Aus: Außferner Bote vom 5. Nov. 1930
Lermoos. Vom 5. bis 11. November wird in den Kinos der Leopoldstraße und Müllerstraße in München der Emelka-Film 'Segelflug in Lermoos' vorgeführt. Dieser Film wurde auf der Lermooser Alm bei prachtvollem Wetter aufgenommen und ist ohne Fehler gelungen. Es herrscht kein Zweifel, daß die Gründung des Segelflugvereines nicht nur für Lermoos, sondern für die ganze Umgebung eine große Anziehungskraft ausübt. Wir hoffen, daß die nächsten Vorführungen anläßlich der großen Wintersportveranstaltungen mit bestem Erfolge gekrönt sein werden.

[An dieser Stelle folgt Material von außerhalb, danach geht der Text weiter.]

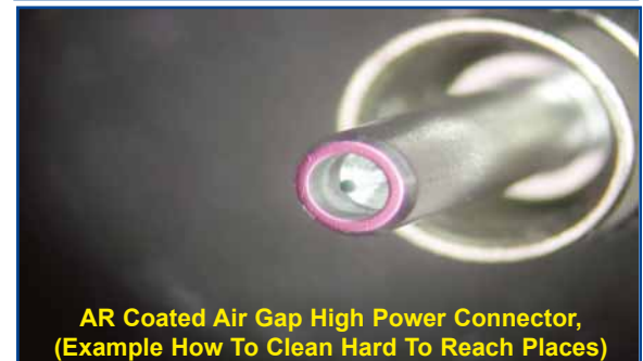
AR Coated Air Gap High Power Connector, (Example How To Clean Hard To Reach Places)
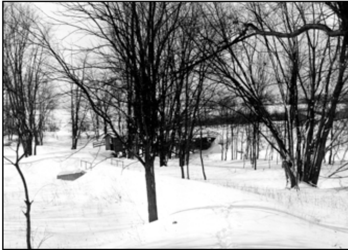
Figure 4: The old bridge leading to the athletic fields. Bleachers can be seen across the river on the right, through the trees. The footpath, indicated by the footprints in the snow, mark the River Road.

campus, expanding the row of faculty homes, and adding industrial and facility structures to the South, along Red Cedar River (Widder 2005; Kuhn 1955). By the turn of the century, enrollment doubled; the campus expanded further east, and also moved their athletic facilities south of the Red Cedar River. The faculty began to move off campus into East Lansing, the new town that had formed around the College. Some old faculty homes became educational buildings, acting as dorms and practice houses, while others were destroyed. During the 1920s, a dramatic shift in architecture began to take place. Large structures, such as the Home Economics Building, the Student Union, and the New
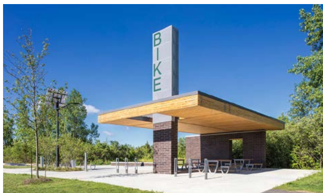
The Wilson Road Park trailhead

The City of Columbus opened the new Wilson Road Park trailhead last year along the Camp Chase segment in Franklin County. The trailhead, shown below, includes shelter, drinking water, a tool kiosk, and restrooms.
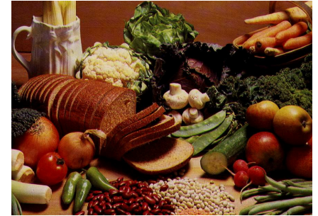
Plenty of Fresh fruit and Vegetables

Genesis 1:29 Then God said, “I give you every seed-bearing plant on the face of the whole earth and every tree that has fruit with seed in it. _____.”
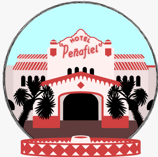
Logo of the screenplay "The Love Hex or Nicest Flings in Mexico"
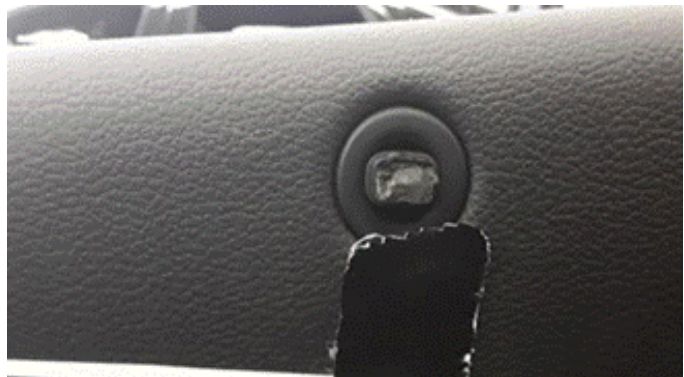
Figure 1. Remaining piece of broken mounting left in side panel.

Due to incorrect assembly of the windbreak by the customer, the windbreak is positioned too high or too low inside the mounting on the side trim after it has been inserted on one side. As a result, the possible range of motion is excessive and the wind deflector breaks.
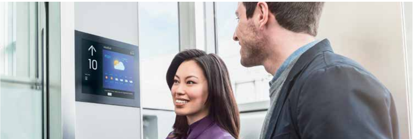
The KONE InfoScreen is an open channel of communication between you and elevator passengers.

* Online version is only available for KONE MonoSpace 700 and KONE MiniSpace.
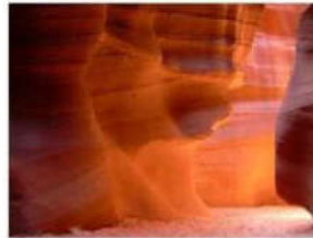
Reflective light producing orange glow inside the canyon's first room
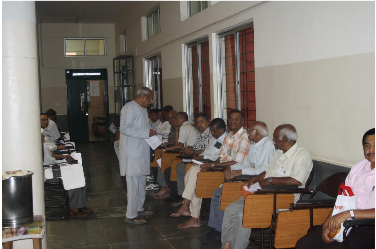
Beneficiaries of the health camp

Aus: Außferner Bote vom 17. Jän. 1931
Lermoos. Am Dienstag wurde das von der Ersten Alpinen Segelflugschule Lermoos erbaute Zweisitzer-Segelflugzeug fertiggestellt und von der Prüfungskommission für gut befunden und abgenommen. Die Maschine wurde allgemein als eine außerordentliche Leistung der jungen Gruppe, die mit so primitiven Mitteln eine derartige technische Leistung hervorbrachte, bezeichnet. Die zur Zeit zahlreich in Lermoos anwesenden Wintersportler bestaunten besonders die geradezu raffinierte innere Ausstattung der Maschine, die beinahe an die eines Verkehrsflugzeuges erinnert. Das Flugzeug ist nicht nur das erste in Tirol gebaute, sondern auch die erste in Oesterreich erstandene Hochleistungsmaschine und stellt insoferne noch eine absolute Neuheit dar, als die Sitze nebeneinander angeordnet sind.